Rental companies might also see a marketing boost. By advertising their "ERP-certified" domes, they can appeal to eco-conscious event planners who want to reduce the carbon footprint of their events. In a market where competition is fierce, this could be a key differentiator.
And let's not forget about innovation. The push for energy efficiency often drives technological. We might see new blower designs that use brushless motors for better efficiency, or projectors with adaptive brightness (automatically dimming when the dome is dark enough, saving power). Some manufacturers are already exploring solar-powered blowers that can run off portable solar panels, making the planetarium truly off-grid. These innovations could eventually make portable planetariums more accessible in areas with limited electricity—expanding their educational impact even further.

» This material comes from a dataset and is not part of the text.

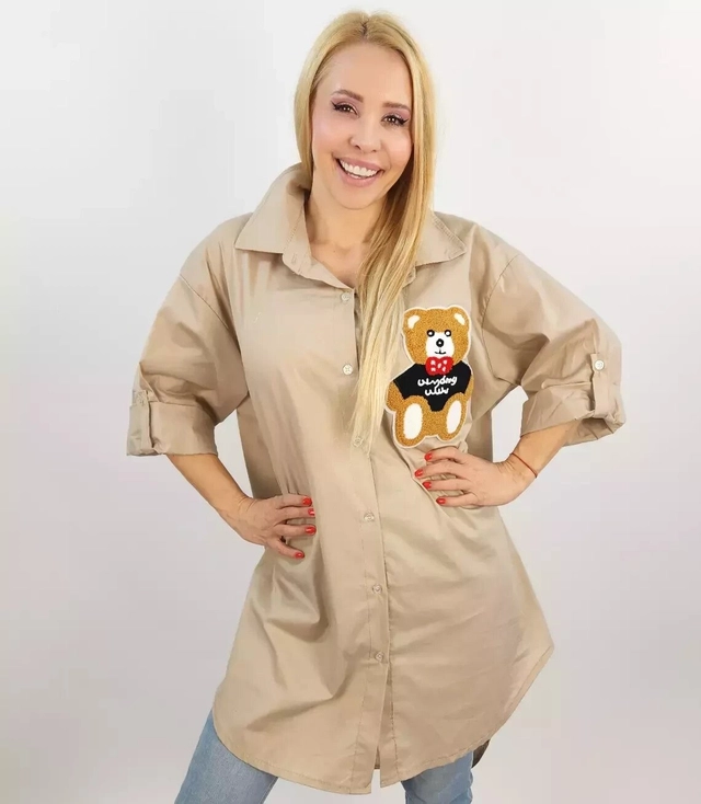 Na přední straně je velká ozdobná nášivka s medvídkem

Looking ahead: What's next for portable planetariums?
The EU's ERP certification is just the first step. As global focus on climate change intensifies, we can expect more regions to adopt similar regulations. The U.S., Canada, and Australia have already shown interest in energy efficiency standards for portable educational equipment, so it's likely only a matter of time before they follow the EU's lead. For manufacturers, this means that designing for energy efficiency isn't just a compliance checkbox—it's a long-term business strategy.

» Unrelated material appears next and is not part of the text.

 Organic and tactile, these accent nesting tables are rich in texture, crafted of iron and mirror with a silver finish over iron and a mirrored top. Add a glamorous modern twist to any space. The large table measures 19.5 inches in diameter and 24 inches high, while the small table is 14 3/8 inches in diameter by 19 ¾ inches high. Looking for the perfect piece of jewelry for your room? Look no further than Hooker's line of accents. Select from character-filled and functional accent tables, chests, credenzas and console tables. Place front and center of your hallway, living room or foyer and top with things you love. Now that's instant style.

We might also see the scope of ERP certification expand to include other aspects of portable planetariums, such as the materials used in the inflatable dome tent. PVC is durable but not biodegradable, and there's growing pressure to use recycled or eco-friendly materials. While the current regulations don't address materials, future updates could include criteria for sustainability, such as using PVC-free fabrics or recyclable components.
For users, the message is clear: when shopping for a portable planetarium, look for the ERP label. It's not just a mark of compliance—it's a sign that the product is designed to save energy, reduce costs, and minimize environmental impact. And for educators, event planners, and enthusiasts, the good news is that the wonder of portable planetariums isn't going anywhere. If anything, the new regulations will make them better—more efficient, more innovative, and more sustainable. After all, what better way to teach about the universe than with a tool that helps protect it?
Final thoughts
The EU's new ERP energy efficiency certification for portable planetariums is a significant development, but it's ultimately a positive one. It challenges manufacturers to innovate, helps users save money, and contributes to global climate goals. Yes, there will be growing pains—higher costs, design tweaks, and learning curves for everyone involved—but the long-term benefits far outweigh the short-term challenges.

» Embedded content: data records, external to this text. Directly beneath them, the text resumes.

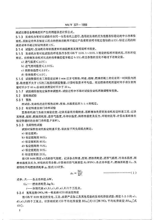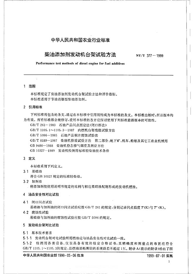 NY/T 377-1999 柴油添加剂发动机台架试验方法
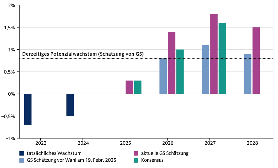 Die Ökonomen von Goldman Sachs erwarten, dass das deutsche BIP-Wachstum von 0,3 Prozent in diesem Jahr auf 1,4 Prozent im Jahr 2026 und 1,8 Prozent im Jahr 2027 steigen wird. Dies liegt deutlich über der potenziellen Wachstumsrate von 0,8 Prozent und dem Konsens der von Bloomberg befragten Ökonomen.
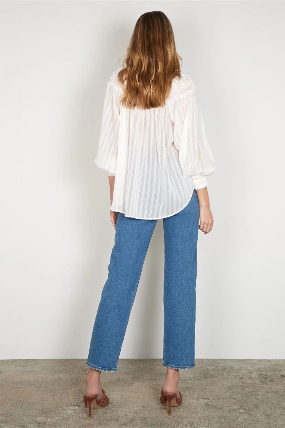 Add a classy touch to your looks with the Carmine blouse from Esmaee. This stylish blouse features a high neck, sheer fabric, and floaty long sleeves with shirred cuffs.
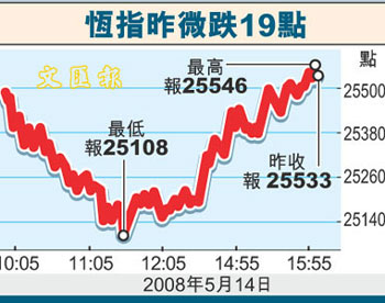 中新網(wǎng)5月15日電 據(jù)香港文匯報報道,港股14日早在缺乏利好消息、加上獲利盤涌現(xiàn)下,曾跌逾400點(diǎn),但在午后內(nèi)地股市彈升帶動下,跌幅顯著收窄。A股升近3%,令港股低位反彈400點(diǎn),恒指全日收報25533點(diǎn),只跌19點(diǎn),成交萎縮至682億元,是近3個月以來最低。
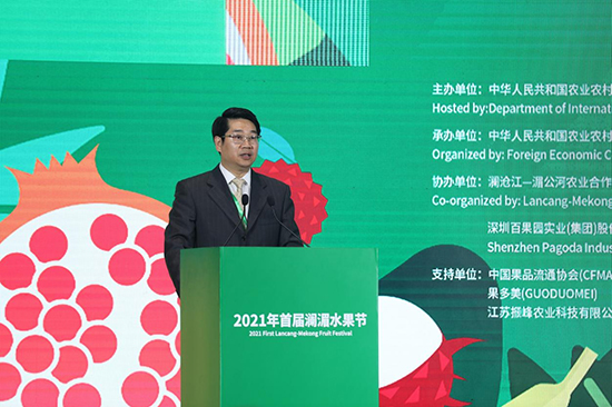 农业农村部国际合作司副司长韦正林在致辞中指出,澜湄六国共饮一江水,亲如一家人,是事实上的命运共同体。在各方共同努力下,五年来,澜湄农业合作在政策对话、产业发展、农产品贸易与投资、能力建设与知识分享等方面取得积极进展,为次区域农业绿色发展、农民增收、农村繁荣做出了贡献。水果是澜湄地区重要农产品和主要贸易品类,本次澜湄水果节就是要践行“发展为先、务实高效”的澜湄合作宗旨,共享发展机遇,推动次区域水果等各农业产业合作不断深化,促进互利共赢。他建议,成员国继续发扬接地气、惠民生、重参与的澜湄农业合作特色,不断深化农业科技经贸合作、能力建设、绿色发展等领域合作,提升澜湄农业合作水平。

As portable planetariums continue to inspire curiosity about the stars and the sciences, they'll now do so with a smaller carbon footprint. And that's a win for educators, for students, and for the planet we all call home. So the next time you step into a portable planetarium dome—whether it's an inflatable dome tent in a school gym or a transparent pvc inflatable dome tent at a festival—take a moment to appreciate not just the stars above, but the efficient blower and projector that make it all possible. Thanks to ERP certification, they're working smarter, not harder.